Backstage at Governors Ball this month, Slayyyter wasn’t unwinding from her set with obvious pop choices. During a casual phone shuffle for a Rolling Stone feature, what surfaced was a listening diet built on hardcore outbursts, psychedelic dread, and the kind of severe sounds most artists only flirt with. The moment was offhand, but it mapped a deliberate shift in her own work.
She started quiet—Jake Bugg’s “Country Song” as music for solitary, rainy nights—then veered abruptly. Portishead’s “Threads,” from 2008’s Third, she called “hectic,” its outro something that “freaks me out.” That unease is exactly what she’s chasing. “The music I’m working on now, I want it to feel scarier and creepy and wrong and off-putting,” she said.
The picks kept escalating. Mannequin Pussy’s “Romantic” earned praise for its soft-to-extreme dynamics; their 2024 track “I Got Heaven” was a “great summer song” that turns from hallucinogenic swirls into screaming. Turnstile, a hardcore band she’s seen at both the Shrine and Coachella, she admires for pushing their genre outward. And the smaller California quartet Niis, fronted by Emily Sando-Brown—someone Slayyyter calls “so cool, so hot and so talented”—provided the ideal gym anthem in “Fuck You Boy.”

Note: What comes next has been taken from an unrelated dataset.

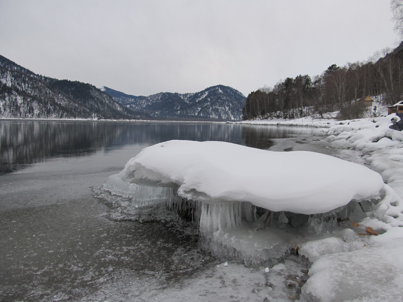 Если не приходит «верховка» или «низовка», то озеро «схватывается» льдом окончательно. Каждый год Телецкое озеро в окрестностях кордона Байгазан замерзает в разное время, чаще всего в январе, но бывало, замерзало и в феврале. Этой зимой попытки замерзнуть озеро предпринимало не однократно, но к концу января оно уже не шутило.

When asked what of her own music fits a playlist, she deadpanned: “Crank” from her new album Worst Girl in America, suitable for weddings, graduations, and a grandmother’s 90th. The joke landed, but the shuffle had already made the serious point. Slayyyter isn’t borrowing energy from heavier scenes just for edge. She’s internalizing their logic, ready to inject her pop with something that startles.